Mitt Romney claims his plan will result in a significant increase in domestic U.S. energy production that will exceed the country's consumption requirements, making it a net producer of energy.

“The net-net of all this, as you can see, is by 2020, we’re able to produce somewhere between 23 million and 28 million barrels per day of oil, and we won’t need to buy any oil from the Middle East or Venezuela or anywhere else where we don’t want to,” Romney said.

The plan relies on simultaneous development of multiple new sources.

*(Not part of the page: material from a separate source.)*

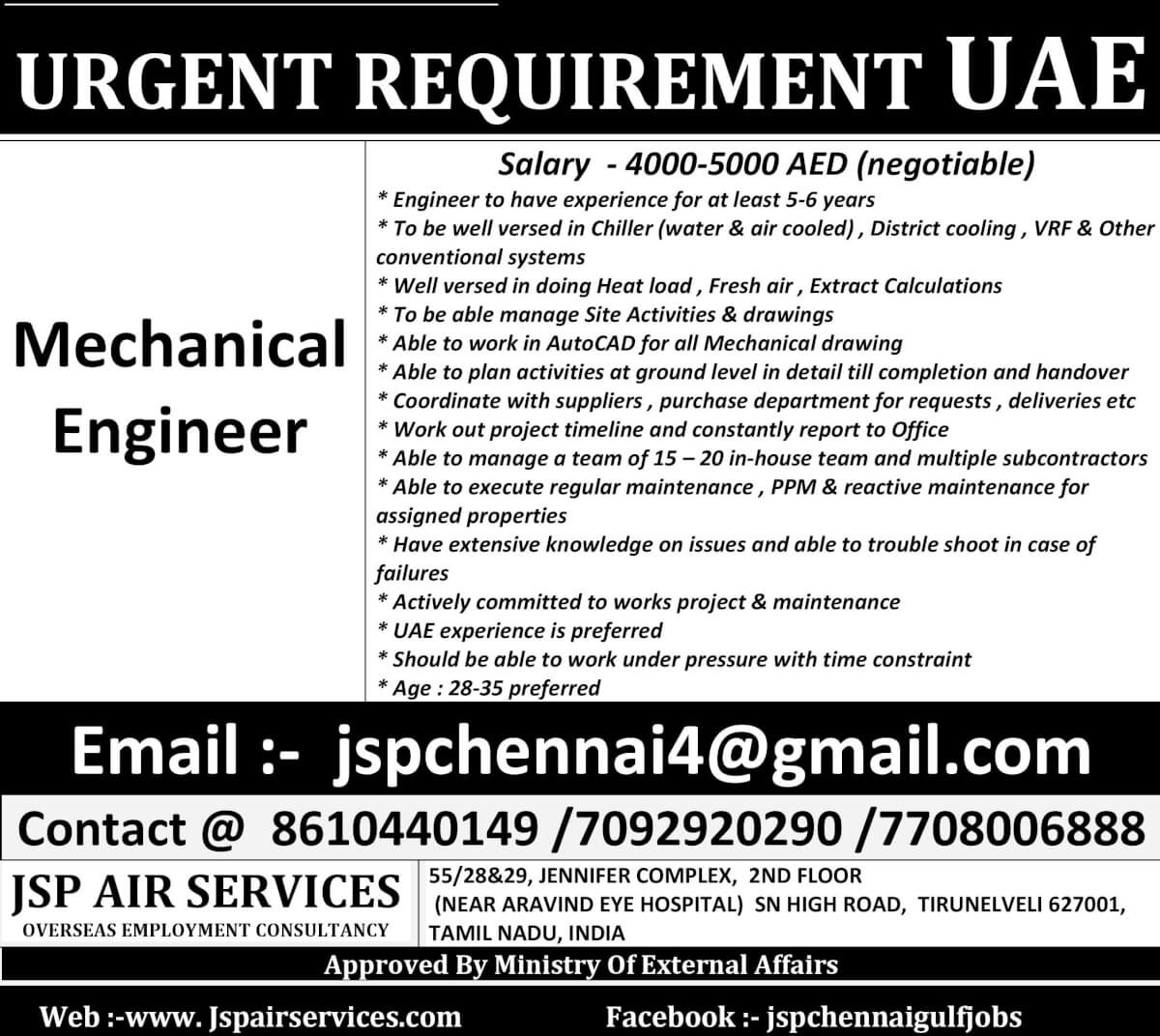 Mechanical engineer job in UAE - Urgent hiring

According to CNN Money, the key energy independence measures are:

  • Granting states control of drilling on federal lands in their borders;
  • Granting states oversight for onshore energy developments;
  • Increasing offshore drilling sites, such as those off the Virginia and Carolina coasts;
  • Approving the Keystone XL Pipeline;
  • Setting minimum oil production targets in the government’s leasing plans;
  • Reducing new energy project paperwork and waiting times by creating a fast-track approval process; and
  • Limiting third-party litigation rights to prevent environmental groups from delaying new sources through lawsuits.
Additionally, the Romney plan calls for biofuel subsidies and loosening environmental restrictions on coal and other energy production. The increase in domestic production “can add 3 million jobs,” Romney argued. Other benefits include gross domestic product (GDP) gains of as much as $400 billion a year, lower energy prices and growth of America’s manufacturing sector.

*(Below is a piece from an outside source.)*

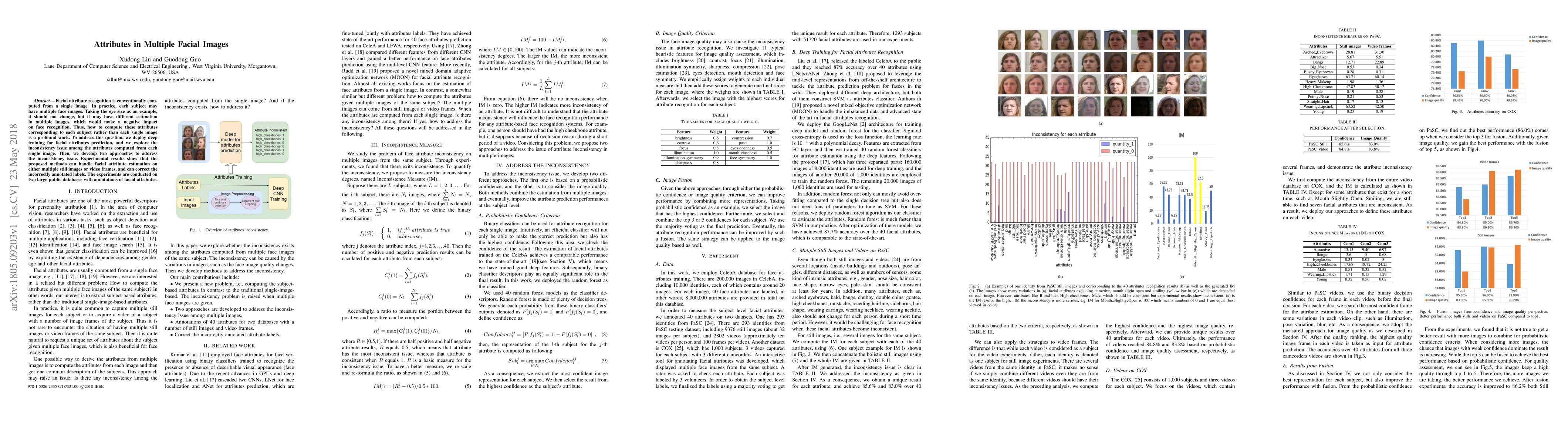 Facial attribute recognition is conventionally computed from a single image. In practice, each subject may have multiple face images. Taking the eye size as an example, it should not change, but it may have different estimation in multiple images, which would make a negative impact on face recognition. Thus, how to compute these attributes corresponding to each subject rather than each single image is a profound work. To address this question, we deploy deep training for facial attributes prediction, and we explore the inconsistency issue among the attributes computed from each single image. Then, we develop two approaches to address the inconsistency issue. Experimental results show that the proposed methods can handle facial attribute estimation on either multiple still images or video frames, and can correct the incorrectly annotated labels. The experiments are conducted on two large public databases with annotations of facial attributes.

However, experts disagree about the plan’s effectiveness.

The CFR described the plan’s as myopic because crude oil prices are set by global markets. “U.S. economic vulnerability to volatile oil markets stems from the volume of oil we consume, not the volume we import," Michael Levi, an energy and climate fellow at the Council on Foreign Relations, told Reuters. "If you don't change the volume of oil we consume, you've missed most of the problem."

Meanwhile, Forbes claims that while Romney’s vision is “bold,” the numbers seem overly optimistic.  For instance, research firm WoodMackenzie found that development of unconventional oil in the U.S. could grow production from “1.5 million bpd [barrels per day] to 4.1 million bpd by 2020,” but the U.S. currently imports 9 million bpd. To cover the deficit “drillers would have to find and develop another 5 million barrels per day of domestic oil, while continuing to fight declining production from older fields. This will not happen by 2020, and probably not ever.”

However, other voices have declared their support for the Romney plan.  “For U.S. manufacturers to be able to compete successfully in the world marketplace, they need access to a consistent supply of affordable energy," Jay Timmons, president and CEO of the National Association of Manufacturers (NAM), said. "To achieve that, a true ‘all-of-the-above’ approach is necessary.”